(DATA TO EXAMINE Opens)
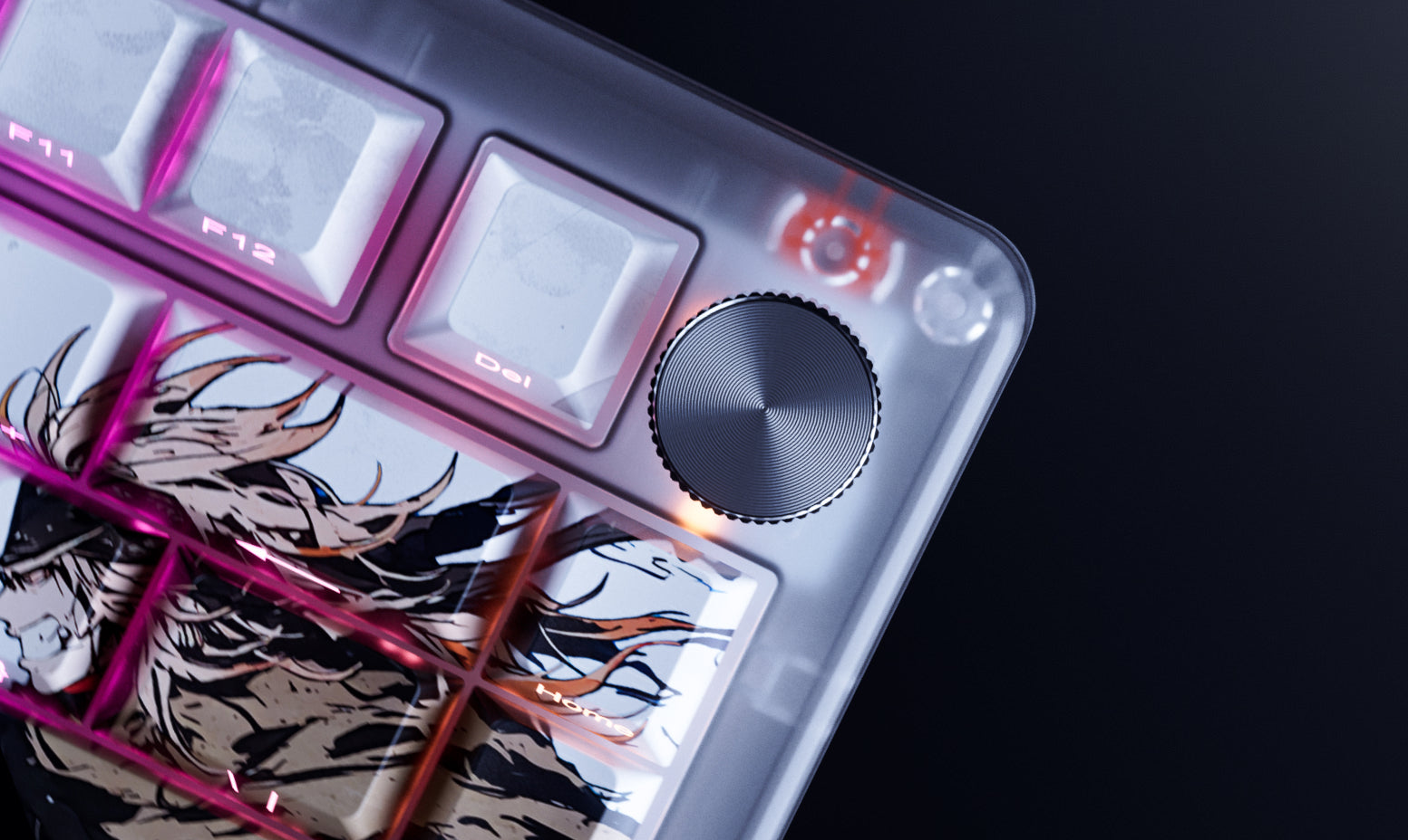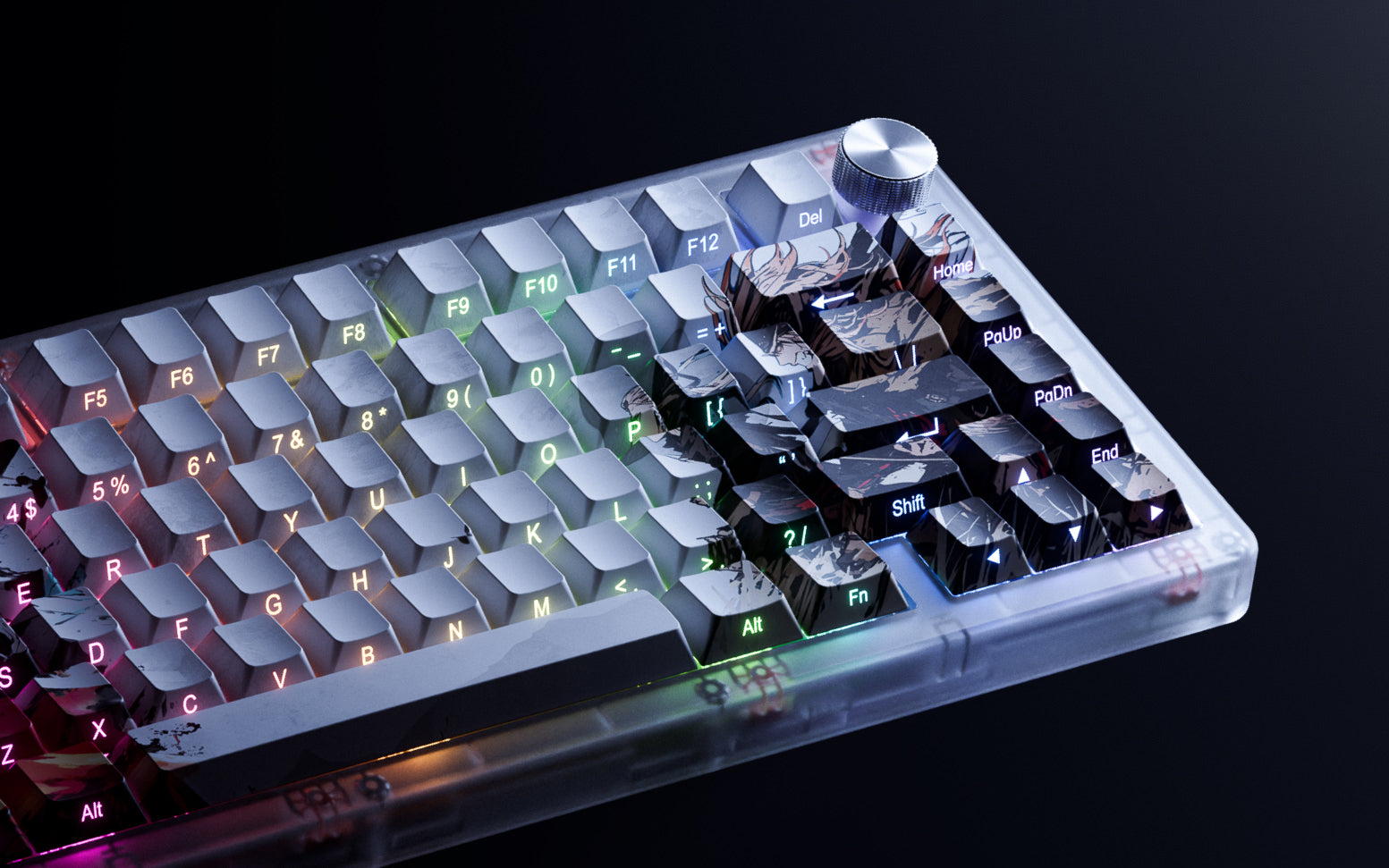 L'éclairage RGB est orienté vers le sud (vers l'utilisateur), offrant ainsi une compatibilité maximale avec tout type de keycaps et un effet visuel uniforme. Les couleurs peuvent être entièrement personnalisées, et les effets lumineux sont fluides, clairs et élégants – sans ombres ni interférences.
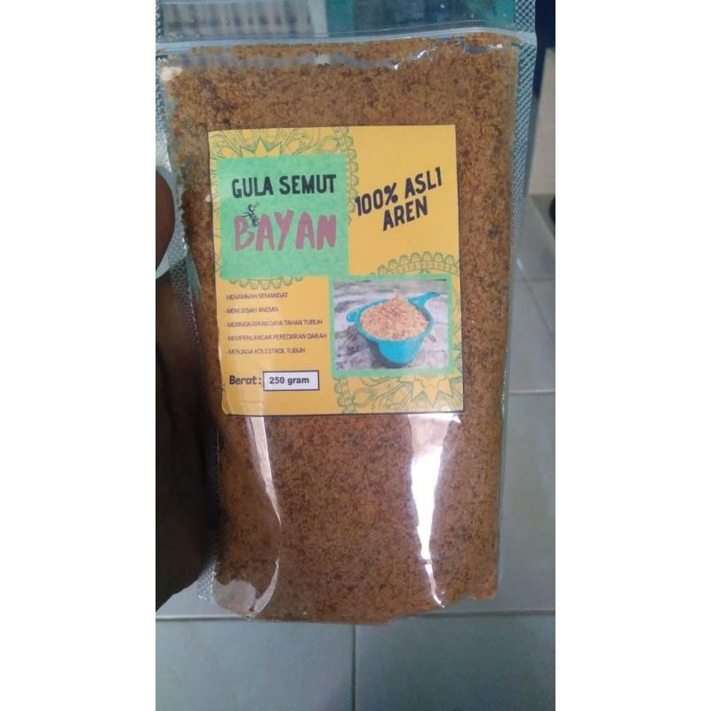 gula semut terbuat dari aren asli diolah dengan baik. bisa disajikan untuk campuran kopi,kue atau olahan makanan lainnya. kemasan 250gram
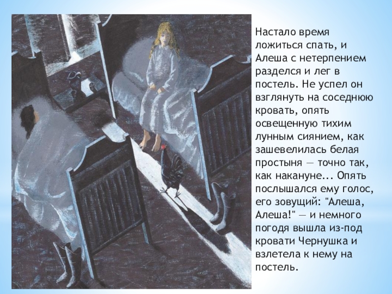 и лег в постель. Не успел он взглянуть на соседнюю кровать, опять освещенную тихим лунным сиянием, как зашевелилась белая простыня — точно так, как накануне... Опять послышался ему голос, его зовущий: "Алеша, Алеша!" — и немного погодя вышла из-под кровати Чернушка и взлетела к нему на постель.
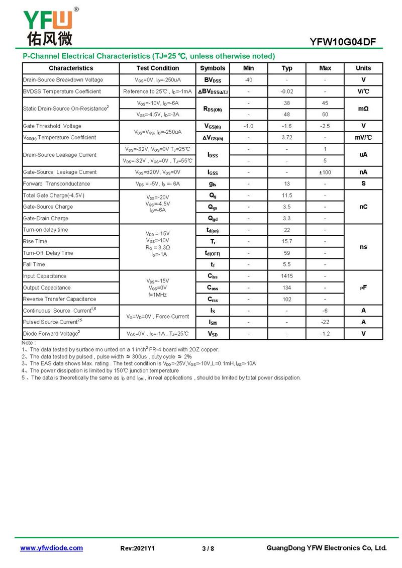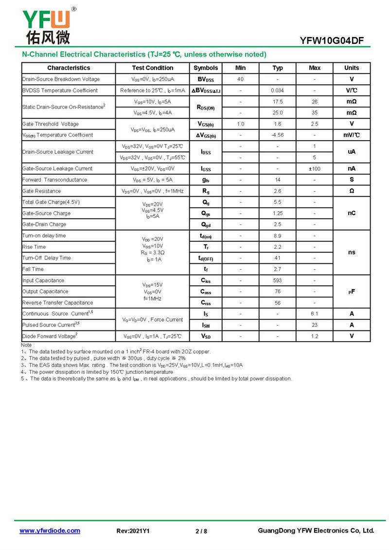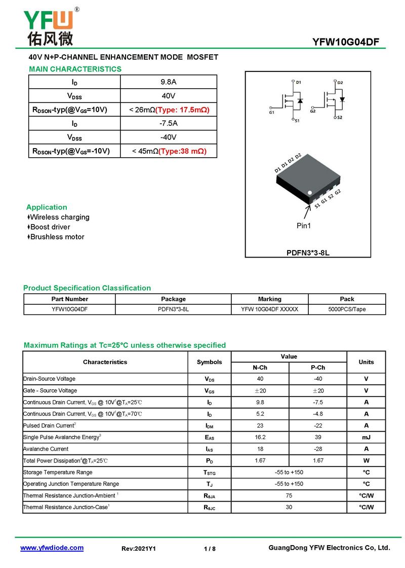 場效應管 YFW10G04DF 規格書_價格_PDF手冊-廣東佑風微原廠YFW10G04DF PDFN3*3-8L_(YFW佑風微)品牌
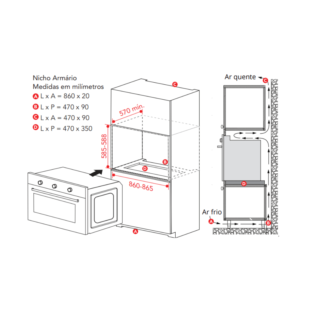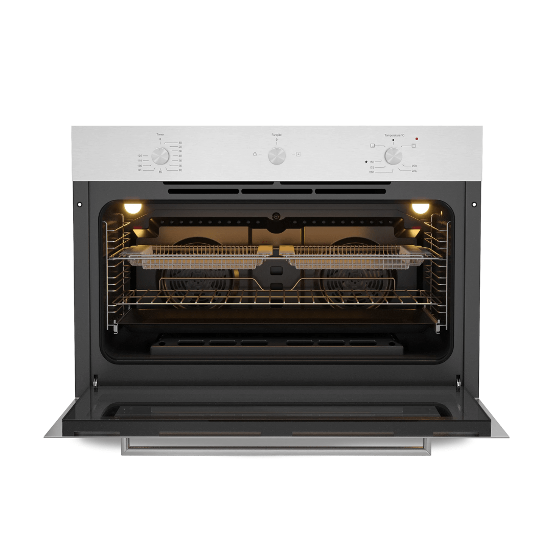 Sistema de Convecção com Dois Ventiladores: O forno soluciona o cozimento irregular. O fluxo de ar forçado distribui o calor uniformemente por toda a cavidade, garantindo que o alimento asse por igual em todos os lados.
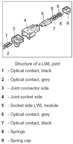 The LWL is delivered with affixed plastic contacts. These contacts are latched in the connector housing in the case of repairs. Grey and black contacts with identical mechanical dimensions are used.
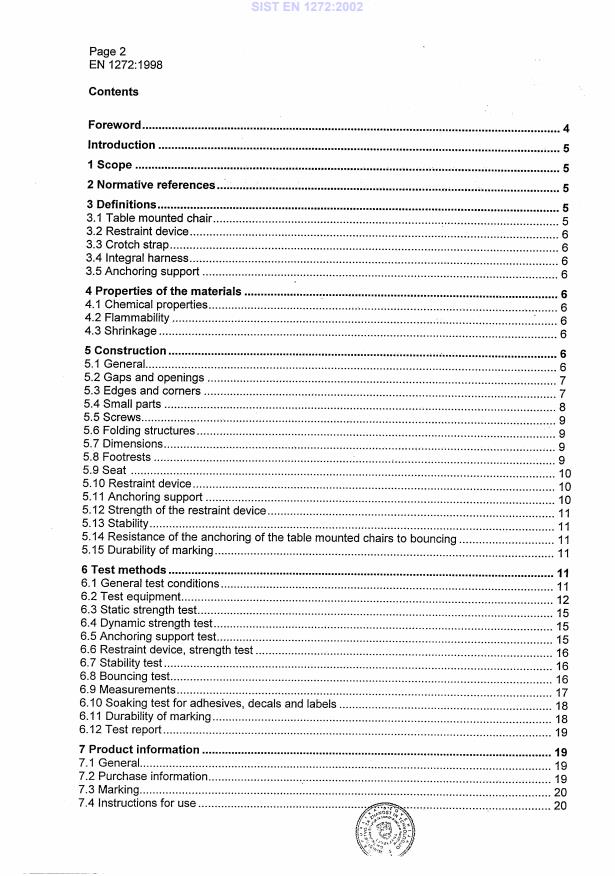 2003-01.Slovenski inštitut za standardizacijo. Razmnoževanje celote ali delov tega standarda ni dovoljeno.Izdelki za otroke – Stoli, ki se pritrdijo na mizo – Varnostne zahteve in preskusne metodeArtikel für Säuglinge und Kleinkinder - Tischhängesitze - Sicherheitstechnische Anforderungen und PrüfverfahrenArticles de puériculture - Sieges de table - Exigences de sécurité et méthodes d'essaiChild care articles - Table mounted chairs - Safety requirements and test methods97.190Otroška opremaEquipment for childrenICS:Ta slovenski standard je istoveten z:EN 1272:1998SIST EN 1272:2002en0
(DATA TO EXAMINE Closes)
The result should be every line of the data, reproduced exactly, with the images removed.

• _COMPLETED EXERCISE_:
 L'éclairage RGB est orienté vers le sud (vers l'utilisateur), offrant ainsi une compatibilité maximale avec tout type de keycaps et un effet visuel uniforme. Les couleurs peuvent être entièrement personnalisées, et les effets lumineux sont fluides, clairs et élégants – sans ombres ni interférences.
 gula semut terbuat dari aren asli diolah dengan baik. bisa disajikan untuk campuran kopi,kue atau olahan makanan lainnya. kemasan 250gram
 и лег в постель. Не успел он взглянуть на соседнюю кровать, опять освещенную тихим лунным сиянием, как зашевелилась белая простыня — точно так, как накануне... Опять послышался ему голос, его зовущий: "Алеша, Алеша!" — и немного погодя вышла из-под кровати Чернушка и взлетела к нему на постель.
 場效應管 YFW10G04DF 規格書_價格_PDF手冊-廣東佑風微原廠YFW10G04DF PDFN3*3-8L_(YFW佑風微)品牌
 Sistema de Convecção com Dois Ventiladores: O forno soluciona o cozimento irregular. O fluxo de ar forçado distribui o calor uniformemente por toda a cavidade, garantindo que o alimento asse por igual em todos os lados.
 The LWL is delivered with affixed plastic contacts. These contacts are latched in the connector housing in the case of repairs. Grey and black contacts with identical mechanical dimensions are used.
 2003-01.Slovenski inštitut za standardizacijo. Razmnoževanje celote ali delov tega standarda ni dovoljeno.Izdelki za otroke – Stoli, ki se pritrdijo na mizo – Varnostne zahteve in preskusne metodeArtikel für Säuglinge und Kleinkinder - Tischhängesitze - Sicherheitstechnische Anforderungen und PrüfverfahrenArticles de puériculture - Sieges de table - Exigences de sécurité et méthodes d'essaiChild care articles - Table mounted chairs - Safety requirements and test methods97.190Otroška opremaEquipment for childrenICS:Ta slovenski standard je istoveten z:EN 1272:1998SIST EN 1272:2002en0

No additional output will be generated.